Three green extraction methods, ultrasonic-assisted extraction (UAE), supercritical CO₂ (SC-CO₂), and ethanol maceration, were evaluated alongside conventional Soxhlet hexane extraction. The oil yield ranged from 8.3% (SC-CO2) to 10.5% (UAE), with green techniques demonstrating superior efficiency and compound preservation. Untargeted lipidomics was conducted using LC-QTOF-MS with reversed-phase chromatography to comprehensively profile triacylglycerols, ceramides, Fatty Acid esters of Hydroxy Fatty Acids (FAHFAs), and oxidized lipids. Targeted LC-MS/MS quantified oxidized phosphatidylcholines (OxPCs), while HPLC was used to identify and quantify α-, β-, and γ-tocopherols. Volatile compounds of the extracted oil were analyzed via HS-SPME GC-MS, and polar metabolites were profiled using HILIC-LC-QTOF-MS.
Lipidomic data were processed using open-source tools, including MS-DIAL and GNPS, allowing for robust data processing, deconvolution, alignment and identification. Multivariate analysis of PLS-DA models showed clear separation and tight clustering of samples according to extraction method, reflecting distinct lipidomic signatures. Importantly, green extraction techniques led to a 50% increase in FAHFAs and over 80% higher ceramide content compared to Soxhlet extracts. These findings reveal not only greater lipid diversity but also enhanced recovery of functionally important compounds known for anti-inflammatory, skin health, and metabolic benefits.

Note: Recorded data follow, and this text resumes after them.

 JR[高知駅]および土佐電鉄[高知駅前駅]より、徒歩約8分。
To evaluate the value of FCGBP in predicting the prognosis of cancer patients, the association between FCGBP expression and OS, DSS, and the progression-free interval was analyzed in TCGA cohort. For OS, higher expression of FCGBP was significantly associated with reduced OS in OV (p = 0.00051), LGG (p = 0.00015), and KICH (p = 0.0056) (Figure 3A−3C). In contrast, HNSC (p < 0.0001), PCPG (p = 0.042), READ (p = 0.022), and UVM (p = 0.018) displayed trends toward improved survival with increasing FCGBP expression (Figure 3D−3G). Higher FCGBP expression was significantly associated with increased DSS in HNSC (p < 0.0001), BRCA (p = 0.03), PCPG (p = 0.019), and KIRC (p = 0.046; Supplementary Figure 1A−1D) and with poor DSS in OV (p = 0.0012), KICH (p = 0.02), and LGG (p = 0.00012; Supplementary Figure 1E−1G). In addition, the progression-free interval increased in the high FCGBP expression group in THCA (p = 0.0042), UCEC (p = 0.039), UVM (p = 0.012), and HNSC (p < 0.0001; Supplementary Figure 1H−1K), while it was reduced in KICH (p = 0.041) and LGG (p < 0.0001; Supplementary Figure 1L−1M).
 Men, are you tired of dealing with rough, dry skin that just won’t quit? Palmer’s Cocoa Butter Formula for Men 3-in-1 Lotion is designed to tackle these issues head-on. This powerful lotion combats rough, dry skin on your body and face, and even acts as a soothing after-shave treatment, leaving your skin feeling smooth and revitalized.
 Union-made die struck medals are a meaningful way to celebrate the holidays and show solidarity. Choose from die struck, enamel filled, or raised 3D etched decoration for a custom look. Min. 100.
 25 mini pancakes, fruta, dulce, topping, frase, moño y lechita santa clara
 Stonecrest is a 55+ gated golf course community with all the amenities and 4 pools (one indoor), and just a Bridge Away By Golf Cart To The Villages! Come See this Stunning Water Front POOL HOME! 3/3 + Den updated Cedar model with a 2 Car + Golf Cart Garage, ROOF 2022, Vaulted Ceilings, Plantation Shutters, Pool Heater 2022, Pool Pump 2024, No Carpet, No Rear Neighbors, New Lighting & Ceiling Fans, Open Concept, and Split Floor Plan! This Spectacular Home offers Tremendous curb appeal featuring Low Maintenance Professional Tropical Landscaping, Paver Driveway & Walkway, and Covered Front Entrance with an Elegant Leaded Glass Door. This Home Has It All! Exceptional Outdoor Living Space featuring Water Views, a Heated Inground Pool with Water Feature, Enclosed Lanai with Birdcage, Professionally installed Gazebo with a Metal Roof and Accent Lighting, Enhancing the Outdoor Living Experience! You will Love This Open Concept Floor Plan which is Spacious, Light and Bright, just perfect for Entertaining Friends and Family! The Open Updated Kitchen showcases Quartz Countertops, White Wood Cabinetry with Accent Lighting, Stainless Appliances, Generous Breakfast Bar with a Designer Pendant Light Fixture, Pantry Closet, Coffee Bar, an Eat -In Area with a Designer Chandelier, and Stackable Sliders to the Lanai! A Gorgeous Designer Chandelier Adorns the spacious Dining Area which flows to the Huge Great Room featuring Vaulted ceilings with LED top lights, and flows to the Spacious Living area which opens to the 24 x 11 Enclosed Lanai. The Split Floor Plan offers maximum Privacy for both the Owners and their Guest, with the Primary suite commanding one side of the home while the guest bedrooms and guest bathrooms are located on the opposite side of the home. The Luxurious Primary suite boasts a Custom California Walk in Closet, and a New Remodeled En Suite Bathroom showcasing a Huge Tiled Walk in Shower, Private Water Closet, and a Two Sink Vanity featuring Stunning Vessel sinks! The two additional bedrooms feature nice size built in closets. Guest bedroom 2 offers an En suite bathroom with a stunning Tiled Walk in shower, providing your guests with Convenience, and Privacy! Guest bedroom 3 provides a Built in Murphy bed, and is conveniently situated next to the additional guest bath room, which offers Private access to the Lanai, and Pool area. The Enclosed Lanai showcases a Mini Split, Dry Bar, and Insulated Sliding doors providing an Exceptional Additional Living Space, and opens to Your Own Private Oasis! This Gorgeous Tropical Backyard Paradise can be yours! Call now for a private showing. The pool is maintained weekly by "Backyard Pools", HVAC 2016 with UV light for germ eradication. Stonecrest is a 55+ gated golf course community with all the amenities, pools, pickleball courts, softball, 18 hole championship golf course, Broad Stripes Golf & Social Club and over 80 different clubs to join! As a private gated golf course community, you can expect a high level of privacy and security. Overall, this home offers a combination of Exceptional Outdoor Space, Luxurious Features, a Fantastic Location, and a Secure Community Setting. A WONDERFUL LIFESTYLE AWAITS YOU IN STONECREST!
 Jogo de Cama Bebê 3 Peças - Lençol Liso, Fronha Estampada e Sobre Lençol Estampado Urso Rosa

In contrast, green extraction techniques resulted in a markedly lower contet of OxPC species, which are often associated with lipid degradation and oxidative stress. This suggests that UAE, SC-CO₂, and ethanol maceration provide a milder extraction environment, minimizing lipid oxidation compared to Soxhlet hexane extraction. Additionally, tocopherol content—particularly α-, β-, and γ-tocopherols—was significantly higher in green extracts, indicating better preservation of natural antioxidants.
This work demonstrates the synergistic power of green chemistry and omics-driven analysis for the valorization of agri-food waste. The comprehensive dataset and methodological framework provide a scalable model for transforming SCG into high-value bioactive ingredients, contributing the way for more sustainable and economically viable industrial applications.